Hope that helps your quest.

Jerome Barber, Ed.D.


----------



## Mark Lynn (Oct 5, 2005)

lonecoyote said:
			
		

> 1) How did FMA begin to spread in the USA? 2) Was there ever a period where westerners weren't taught FMA, like other asian martial arts? If so, who broke with that tradition? 3) Who started it here in the United States? 4) Who has done the most to spread its influence?  5) Did it (the teaching and spreading of FMA in the USA) begin in Stockton, California? 6) How did Dan Inosanto, Leo Gaje, and Remy Presas fit in?
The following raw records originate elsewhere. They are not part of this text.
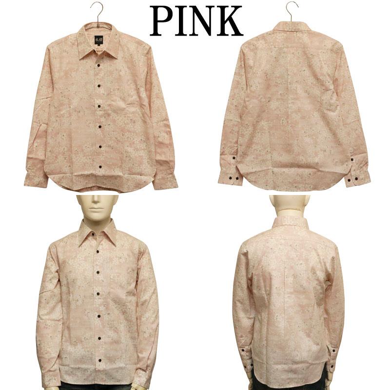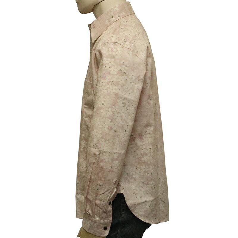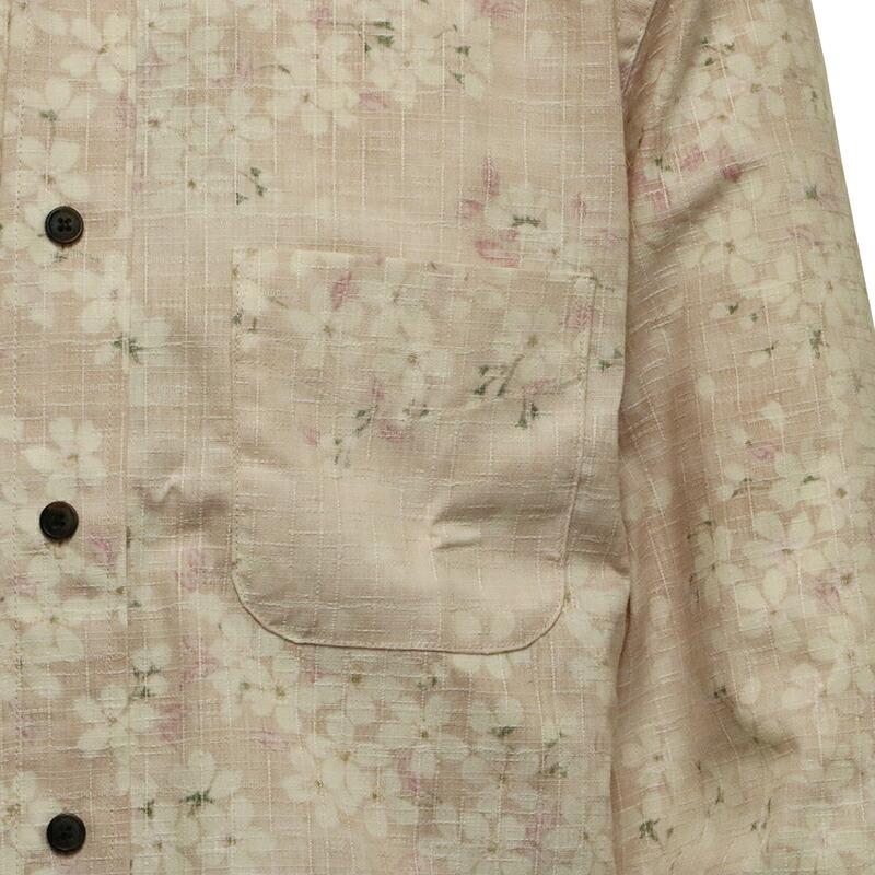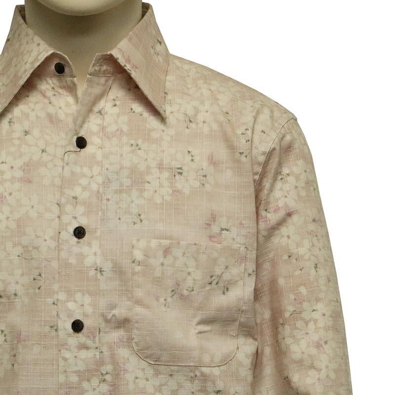 定番の桜柄を裏地使いし総柄であしらった長袖シャツ。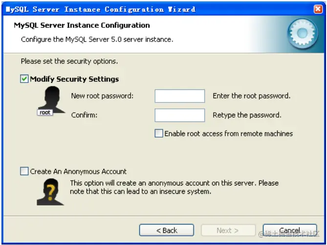 图 1-21 中显示了 MySQL 的两个安全设置复选框,“Modify Security Settings”复选框确定是否修改默认 root 密码,因为默认的 root 密码是空,因此建议用户一定要修改;“Create An Anonymous Account”复选框确定是否创建一个匿名用户,建议用户不要创建,因为这样会给系统带来安全漏洞。这里为了简便起见,将 root 口令改为 123(正式的生产环境中一定要采用更为复杂的密码)。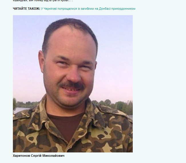 Vitaly Kolesnik. Cet individu est né durant l'année 1975 et est mort en 2015. Il est originaire de la région de Tchernigov. Il fit son service militaire dans les troupes de marine. Il fut mobilisé pour être envoyé combattre dans le Donbass à l'occasion du 1er septembre, puis il est incorporé au bataillon Tchernigov-1, comme sergent. Il fut tué sur le front du Donbass, le 30 janvier 2015, à l'occasion de la bataille de Debaltsevo, son corps resta longtemps sur le champ de bataille, fut ramassé par les partisans des républiques du Donbass puis identifié le 15 mars seulement. Il fut par la suite remis aux Ukrainiens.

I know that this is a ridiculously large question and appreciate greatly any answers and thanks in advance to any replies.



Lonecoyote
I added numbers to your post to address them.  And you are right this is a huge question but I will take a stab at some of it and hopefully others can correct me if I'm wrong.
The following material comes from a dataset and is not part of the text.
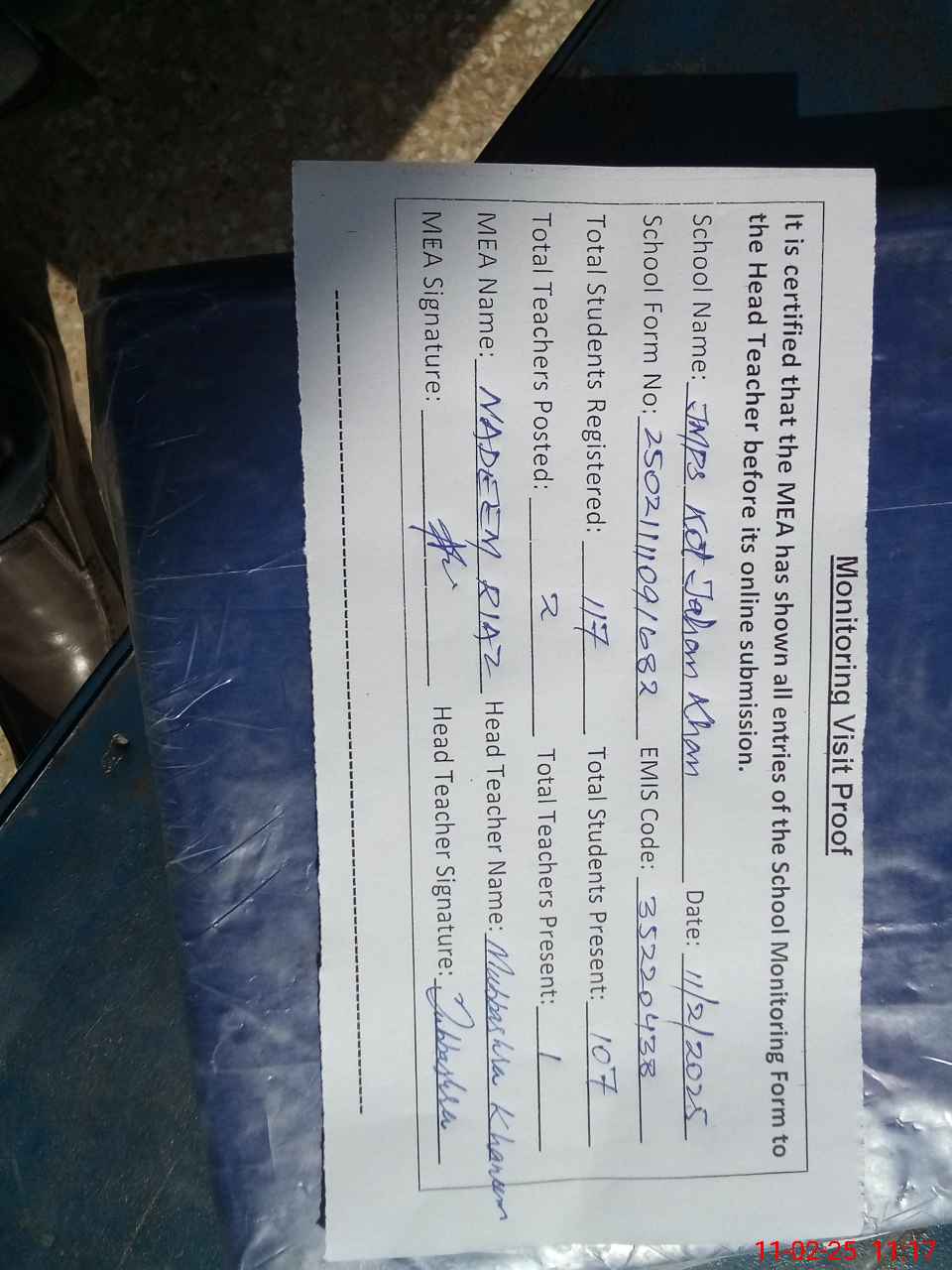 | EMIS Code: 35220438 | Name of School: GMPS KOT JAHAN KHAN | |||

1) Several places actually, but I think the earliest group were probably immigrant workers who came to the states in the early part of the the 20th century.  I think a another way was after WW II filipinos relocated here.  And then in the 70-90s I think more filipinos left the Philippines and brought their arts here and abroad.
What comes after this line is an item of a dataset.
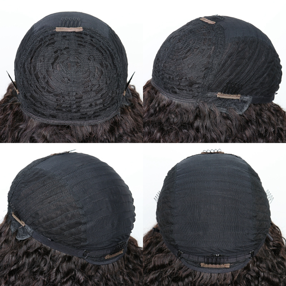 Brazilian Remy Human Hair Afro Kinky Curly Wig with Bangs - Glueless 200% Density Rose Net Cap, Elegant Short Curly Bangs Wig for Women of All Ethnicities, Hair Wig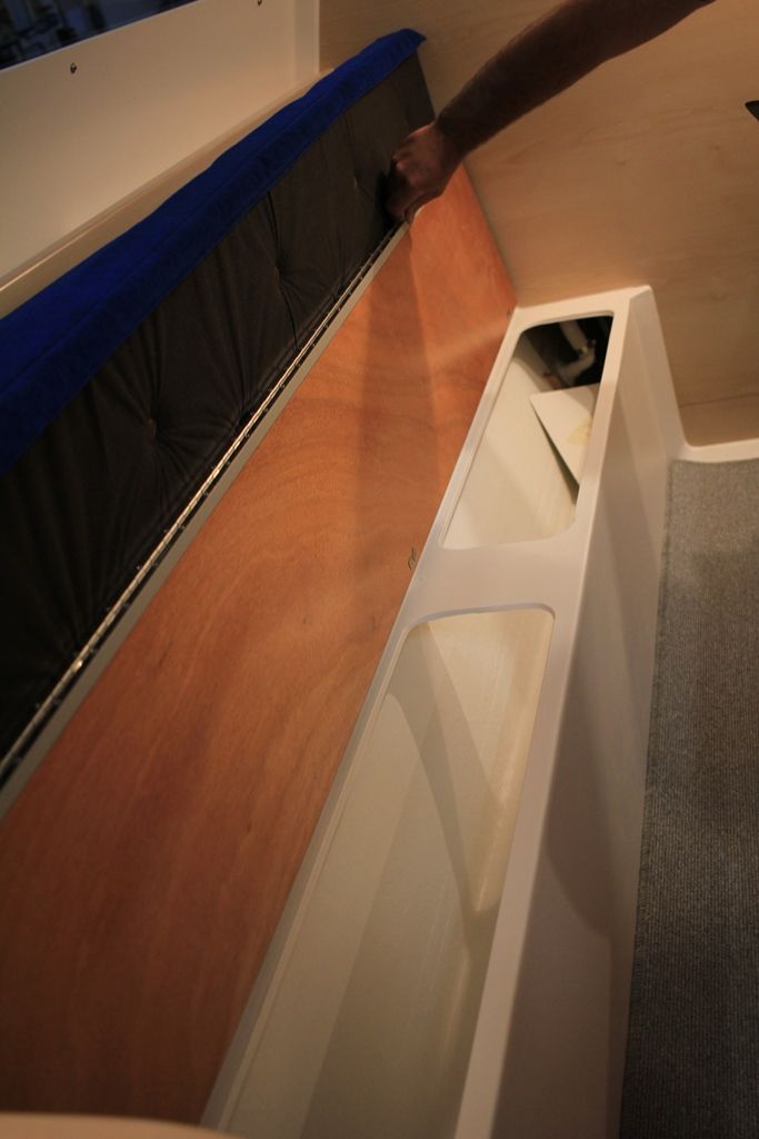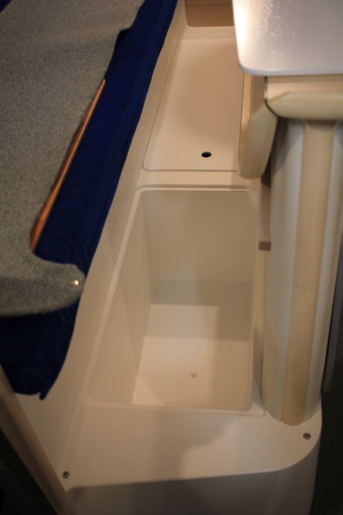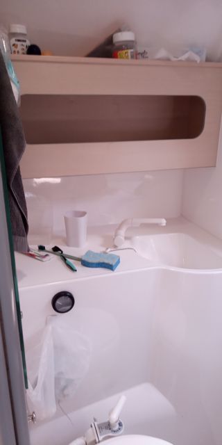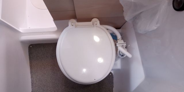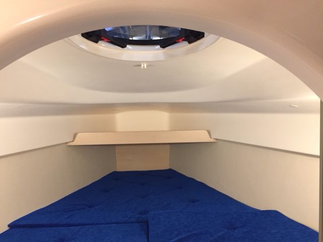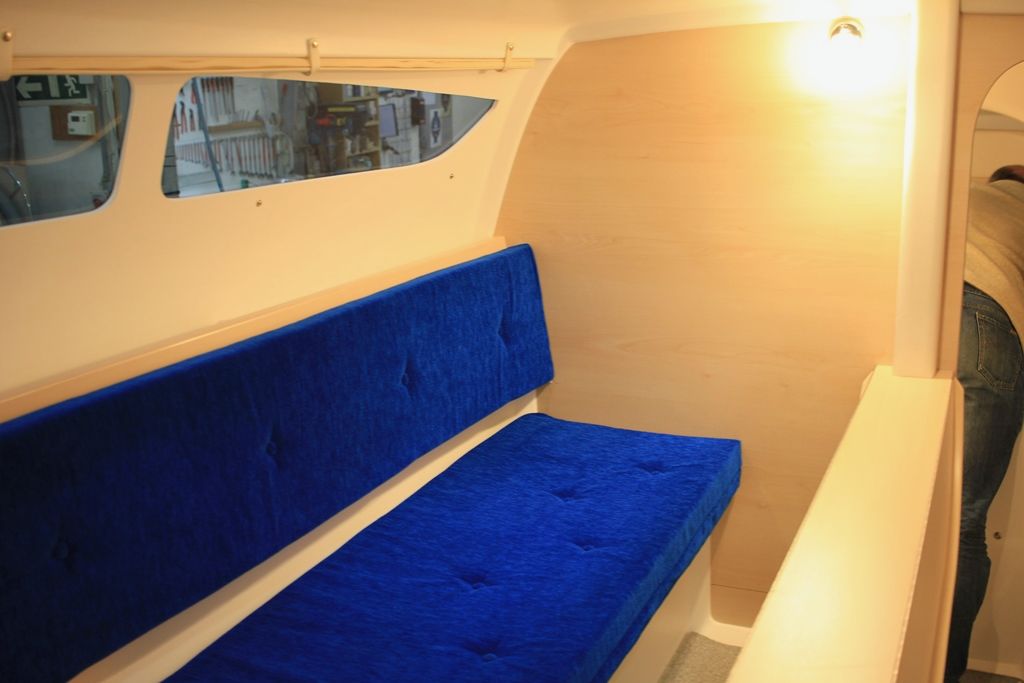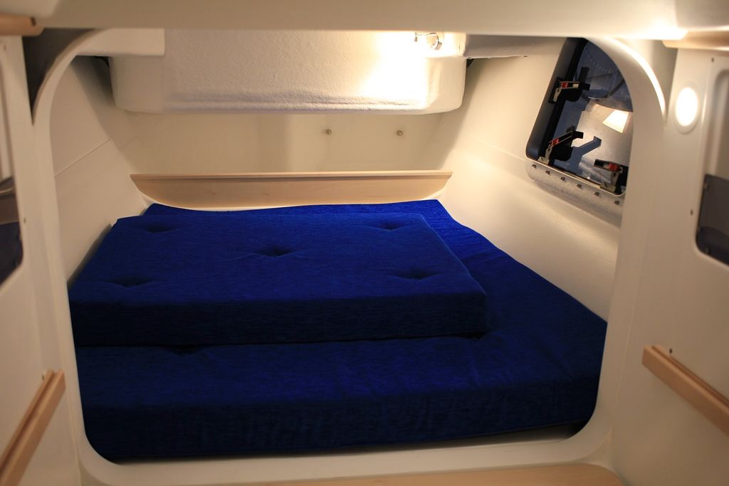 Forward double cabin with storage, aft cabin, single berth in saloon – Galley with 2-burner stove, 45 L fridge, sink with pressurized water (90 L) – Toilet compartment with marine WC, 60 L black water tank, sink – Saloon with folding table, Ocean Air Shade curtains, carpet

I think what helped them spread was seminars, this was probably the biggest influence.

2) I think so.  I read somewhere (can't cite the source) that the attitude often was this was used to protect oneself and wasn't really shared outside of the family persay.  Then it was taught more openly in the PI (trying to get it into the school systems, and the formation of clubs) but  here in the states it wasn't taught that much until there seemed to be more of an interest in the arts in the early mid 80's.  I don't think it was a so much of breaking with tradtion as much of a market (supply demand) question.

3) The late Angel Cabales and the late Leo Giron both had schools/classes in Stockton Ca.  I think someone started the school in response to some nurses being killed wanting to teach a self defense related system to the public.  While these men started out together they did part ways for some reason.  Tuhon Leo Gaje I think started teaching on the east coast (New York?) and then went to TX. And Guro Inosanto learned from these men and others and started his FMA academy in CA.

4) Who has had the biggest influence?  What a loaded question.  Here goes IMHO in the U.S. I believe two men.  The late Professor Remy Presas and Guro Dan Inosanto.  Again I go back to who started on the seminar circuts earliest and got hooked up with the karate/TKD/martial art schools?  They did.  Both published videos, books, they were featured in magazine articles and their covers.

5) I think it started in several different places Hawaii, Stockton, New York, etc. etc.

6) Dan and Remy I covered in 4), Tuhon Gaje taught in NY and in TX and got hooked up with Guro Inosanto and did seminars and such as well.  And I would thibnk they have also spread some of their teaching to LEO or military in some form or another over the years.  I know Remy did in the PI and I think have some articles that reference him teaching here in the late 70's/80's.  Tuhon Gaje also taught military in the PI and I think some LEO in some form here as well.

respectively FWIW
Mark


----------



## RedBagani (Oct 7, 2005)

The contribution of Doce Pares in FMA propagation also was significant. The funny thing that happend in the Philippines was the locals began to appreciate their FMA more when they realized that FMA was becoming more and more popular in other countries, specially in the US.Why this was so is something worth pondering.


----------



## Airyu@hotmail.com (Oct 7, 2005)

Hello Everyone,

Here is a little more historical information in a timeline based approach.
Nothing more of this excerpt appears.